Die Überarbeitung des noch gar nicht so alten X II wurde notwendig, weil in dieser Klasse die Stromversorgung bis dato immer durch Saddlepacks mit 4 Sub C-Zellen sichergestellt wurde. Man konnte sich jedoch auch hier der neuen LiPo-Akkutechnologie nicht länger verschließen, und so waren die Konstrukteure gefragt, ihre Chassis hierfür anzupassen.

Einleitung
Bereits beim Test des Vorgängers, dem ersten XRAY X II, wurde ausführlich über die Eigenheiten der kleinen aber feinen 1:12er Klasse gesprochen. Festzuhalten bleibt nach wie vor, dass in dieser Klasse eine Parkplatz-Szene so gut wie gar nicht vorhanden ist und es sich bei diesen Fahrzeugen um reine, sehr filigrane Rennfahrzeuge handelt, welche vorwiegend auf Teppichstrecken in der Halle eingesetzt werden.
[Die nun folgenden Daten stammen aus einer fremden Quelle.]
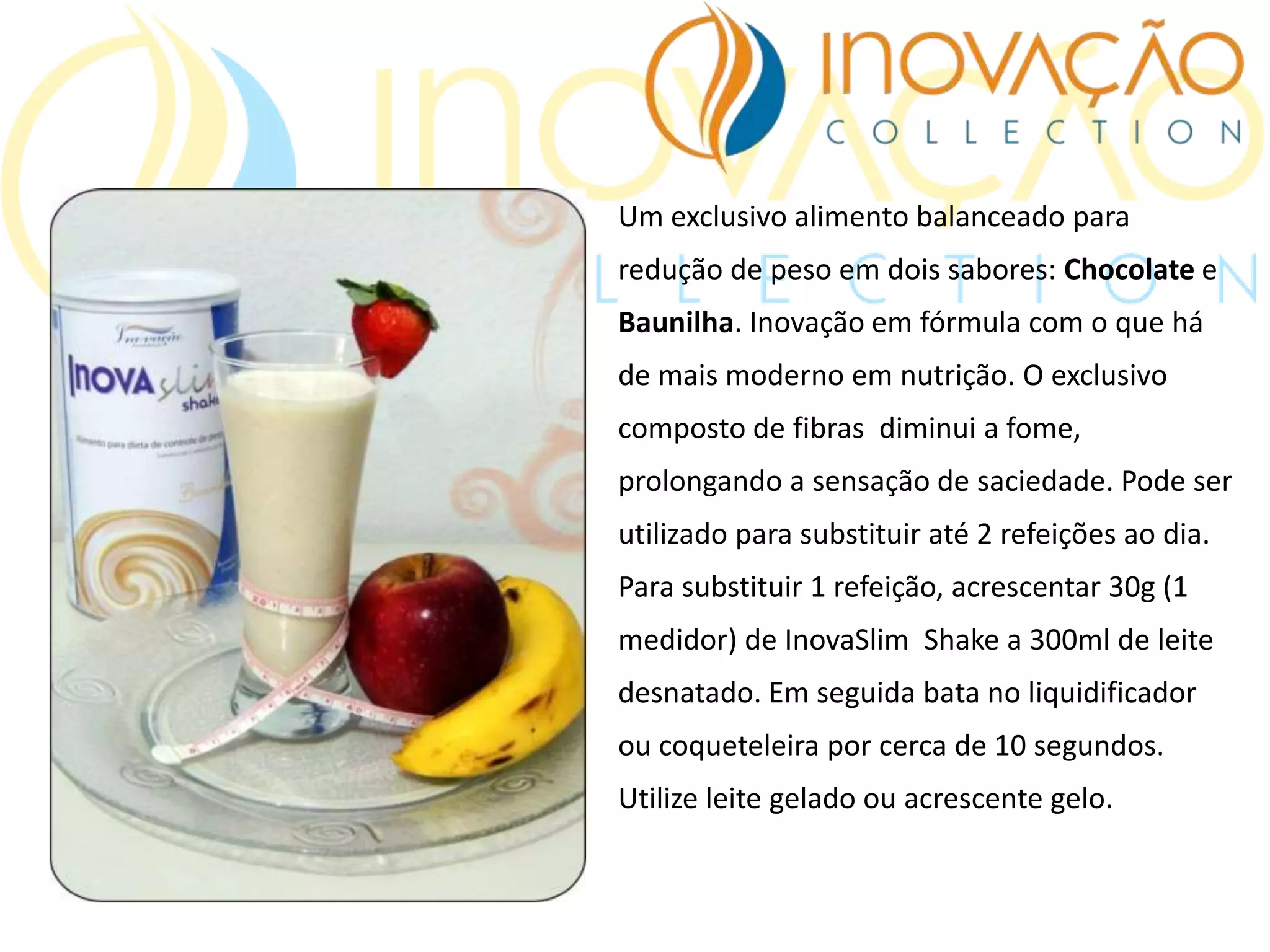 Um alimento balanceado para emagrecimento vem em sabores de chocolate e baunilha e substitui até 2 refeições por dia, misturando 30g do pó com leite desnatado no liquidificador. Sua fórmula inovadora contém fibras que diminuem a fome e prolongam a saciedade, auxiliando na perda de peso de forma saudável.

Erwähnt werden muss noch, dass es sich in dieser Klasse um einen LiPo-Akku 1 S, dass heißt, mit einer Zelle, sprich 3,7 V Spannung handelt. Um die BEC-Stromversorgung zu sichern, bedarf es hier eines kleinen Zusatzakkus für das BEC, der irgendwo unterzubringen ist
Greift man, was nach wie vor möglich ist, auf die 4 Zellen Sub C-Lösung zurück, wird natürlich dieser BEC-Akku nicht benötigt.

Aufbau
Brauchte vorne am X II nichts verändert werden, so fielen die Änderungen im rückwärtigen Teil stark ins Gewicht: Das mittig im Fahrzeug angebrachte T-Bar war dem vorgesehenen LiPo-Akku schlichtweg im Wege und so musste es durch eine andere Lösung ersetzt werden.

Die Hinterachskonstruktion wurde jetzt mittig am rückwärtigen Teil der mittlerweile auf 2,5 mm verstärkten Chassisplatte in einem Kugelgelenk gelagert, die Führung wurde beidseitig von zwei ebenfalls in Kugelgelenken gelagerten Schubstreben, auch „link“ genannt, übernommen.
Weiterhin wurde der zentrale Reibungsdämpfer im Rahmen der Änderung durch einen quer zur Fahrtrichtung angeordneten Dämpfer ersetzt.

Baukasten
Nach dieser eingänglichen Betrachtung sollte man sich nun endlich dem Baukasten zuwenden. Obwohl er zur eher kleineren Sorte gehört, ist darin noch Platz neben den wenigen nach Baugruppen sortierten Plastiktütchen, dem Chassis und den Unterlagen.
Wichtig sind hier vor allem die Bauanleitung und das Setup-Book. Felgen, Moosgummireifen und eine Karosserie gehören nicht zum Lieferumfang des Baukastens.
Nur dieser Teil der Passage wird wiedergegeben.